Here \(56\)cm is very different to the mean of this sample, so its possible that this would be a large outlier. We would need to see if any data in that region currently, but may lead to extrapolation, meaning its not an appropriate model there.
Problem 3
The following data describes the grades 233 students received on a standardized test (exam1
), along with their overall grades in a college course. The output from fitting this regression in R
is shown.
Call:
lm(formula = course_grade ~ exam1, data = data)
Residuals:
Min 1Q Median 3Q Max
-26.1508 -4.6656 0.6166 5.6247 23.0312
Coefficients:
Estimate Std. Error t value Pr(>|t|)
(Intercept) 35.17049 3.99911 8.795 3.44e-16 ***
exam1 0.46032 0.04906 9.383 < 2e-16 ***
---
Signif. codes: 0 '***' 0.001 '**' 0.01 '*' 0.05 '.' 0.1 ' ' 1
Residual standard error: 8.252 on 230 degrees of freedom
(1 observation deleted due to missingness)
Multiple R-squared: 0.2768, Adjusted R-squared: 0.2737
F-statistic: 88.04 on 1 and 230 DF, p-value: < 2.2e-16
Given this output, and that a linear regression is a reasonable model for this data:
- Construct a 95% confidence interval for the slope coefficient
- Given this estimate, do you think it is reasonable to claim that the slope is zero?
- Does the intercept term have a natural interpretation for this data?
- Suppose a 95% confidence interval for the average Course Grade for a standardized test score of 70 is \((65.90, 68.88)\). How would this interval change if we instead looked at a prediction interval?
For this problem we have \(\hat{\beta}_1=0.46\) and \(se(\hat{\beta}_1)= 0.049\). We need to compute \(t_{230,0.025}=1.98\) which can be done with qt(0.025, df = 231, lower.tail = FALSE)
.
Then the interval will be \((\hat{\beta}_1 - 1.98 se(\hat{\beta}_1), \hat{\beta}_1 + 1.98 se(\hat{\beta}_1) = (0.36, 0.55).\)
As this confidence interval doesn’t contain zero, there is evidence to reject the null hypothesis that \(\beta_1=0\) at \(\alpha = 0.05\).
Here the intercept corresponds to the average grade a student would expect to get in this course if they got 0 on the standardized test.

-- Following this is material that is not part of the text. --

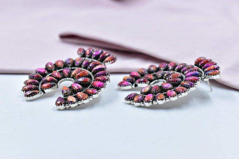Boucles d'oreilles en argent sterling et turquoise Dahlia rose, boucles d'oreilles en argent pour femmes, bijoux en pierres précieuses, cadeau

This might be plausible, for certain types of tests.
A prediction interval is always wider than a confidence interval due to the additional uncertainty. Therefore, the lower value would drecrease and the upper values would increase.
Problem 4
A researcher wants to examine the relationship between the grade a student receives in a class (\(y\)) and the hours of tv they watch in a week (\(x\)).
They fit a regression (shown below), along with plotting the residuals.
Pick one of the residual plots shown and describe how you use it to check whether the assumptions of a linear regression are satisfied.
Given these plots, do you see any potential issues with the regression for this data? How could they be addressed?
For the middle residual plot, we aim to check that there is no pattern in the residuals and the variance of the residuals doesn’t change from left to right in the plot.
From these plots, there are some residuals which indicate problems with the fitted regression model. These could be addressed by transforming the \(Y\) variable, using \(\log(Y)\) instead for example, and examining the residuals from that model.